Global dividing lines are taking shape over quantum science, with questions over when and how to collaborate, and at what stage of development.
The world needs an international expert body to advise governments on the safe and ethical development of quantum technologies, mirroring efforts to create global oversight of artificial intelligence, experts told a Science|Business conference
Drawing on quantum mechanics, the field promises a whole new type of computing which could potentially solve problems that take conventional computers years to crack.
Although practical applications are still limited, there is hope that quantum computing could resolve currently impossible tasks in chemistry, finding new catalysts to suck carbon from the air, for example.
There is a security dimension to quantum too: the technology offers the potential to create all but un-hackable communication channels.
Creating a global ethical framework over the use of the technology is essential, said quantum expert Ian Walmsley, provost of Imperial College London. “That seems to me to be an area where we absolutely need some collaboration, with as wide a circle of friends as we can possibly have, so we get an agreed set of principles,” he told the conference.
One possible model is the Global Partnership on Artificial Intelligence (GPAI), promoted by French president Emmanuel Macron and Canadian prime minister Justin Trudeau and launched in 2020. It aims to link up experts and policymakers to discuss not just ethical issues in AI but also areas like data sharing and research collaboration.
“I think that that would be a good idea,” said Walmsley. “Certainly the leaders of the national programmes could self-organise to start to do that.”
Yuko Harayama, executive director of Japan’s RIKEN research network, who sits on one of the AI partnership’s working groups, agreed it would be a “good idea to have a GPAI version for quantum.”
Although the technology is still in an embryonic state, the geopolitical dividing lines over quantum are already being drawn, with questions over who states and national funders should work with, and at what level of technological readiness.
States and private firms are pouring money into quantum research, Walmsley noted, with the US and EU each putting in the region of €1 billion, and a more hidden but likely “quite substantial” Chinese effort too. Earlier this month, France and the Netherlands signed a quantum pact designed to build EU strategic autonomy in the technology.
Along with AI and biotech, Japan has also prioritised quantum, and is keen to build research links with the US, UK, Germany and EU, Harayama said.

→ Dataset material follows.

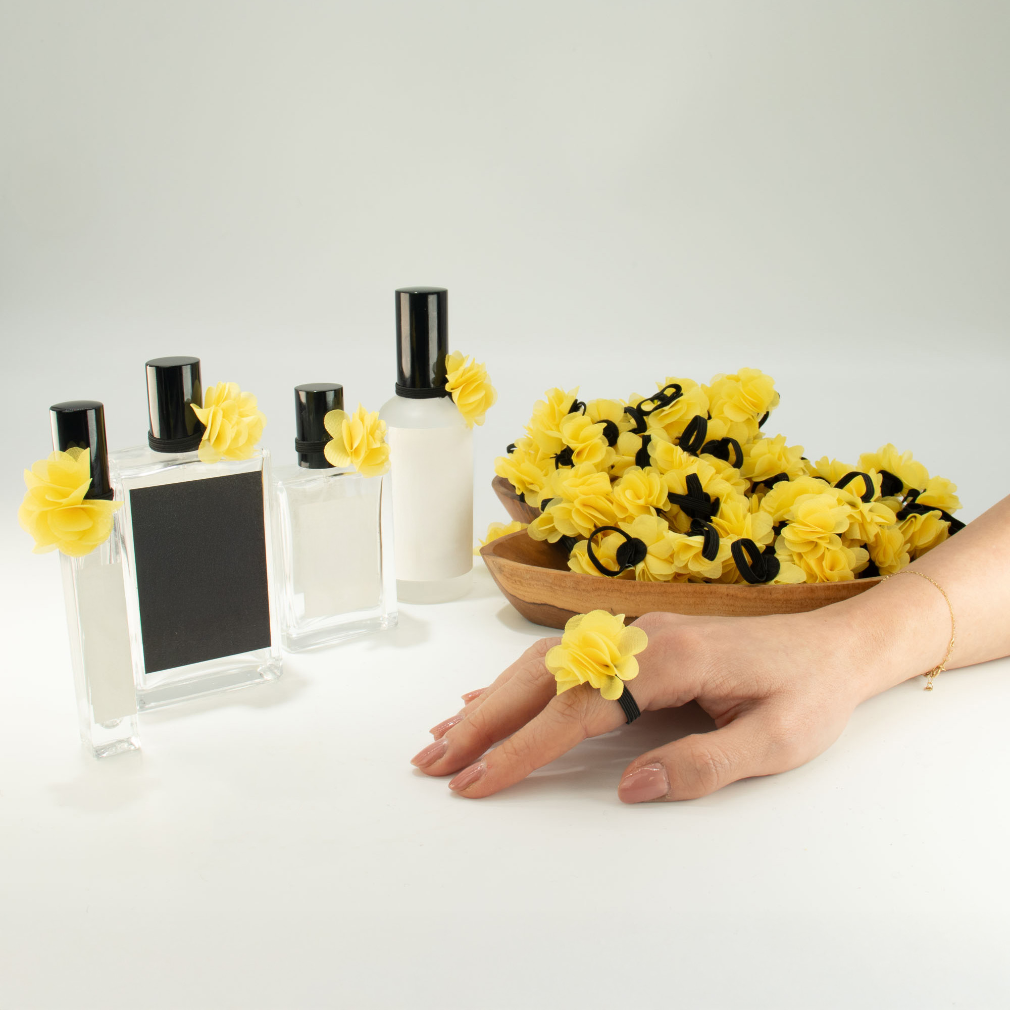 Yellow Chiffon Scent Rings, supplied in packs of 100, offer a bright and engaging way to present fragrances in retail environments. Each ring features a light chiffon flower mounted on a flexible elastic band, designed to hold perfume or fragrance oil and release the scent gradually while worn.

“Each of our countries [in Europe] are too small to have the ambition to really play an international role alone, so clearly we have to cooperate,” said Antoine Petit, chief executive of France’s National Centre for Scientific Research. “But we don’t have to be naive.”

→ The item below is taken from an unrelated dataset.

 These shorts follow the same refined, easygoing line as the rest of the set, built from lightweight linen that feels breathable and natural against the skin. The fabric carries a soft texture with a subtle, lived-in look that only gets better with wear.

“We all know there are security issues, and economic issues,” he said. “We have to cooperate between friendly nations, particularly in Europe.” But for other states, “we have to be cautious,” he warned.
The European Commission had proposed excluding the UK, Switzerland and Israel from quantum research in Horizon Europe. After months of fighting, in June member states agreed UK, Israeli and other non-EU researchers could join Horizon Europe’s most sensitive projects, on condition they provided “necessary assurances” that their participation would not harm the EU’s strategic interests.
Portuguese MEP Maria da Graça Carvalho said that at least in the “early stage” of development, it “for sure” made sense for the EU to collaborate with these neighbouring countries on quantum.
Petit agreed, saying, “If we don’t include these countries, then they will work with other countries. They will not stay alone. In the end, we will be the losers.”
Theoretical versus practical
Another key question is drawing the line between early stage, more theoretical research, where global collaboration is seen as less problematic, and applied work to create real world applications, at which point states might want to hide the results from rivals.
“Early stage collaboration, followed by late stage competition, is potentially a recipe that will lead to the best impact for this technology,” said Walmsley. “I think you can probably push the collaboration to a significant TRL [technology readiness level], if you’ve got proper ways to manage that intellectual property,” he said. “Certainly up to demonstration and in some cases a little past demonstration.”
But Harayama said that “geopolitical factors” are now interfering with this traditional distinction between early and late stage research. “Even from the beginning, some countries are reluctant to make open collaboration, keeping some research institutes within,” she said, though she did not specify which countries she was referring to.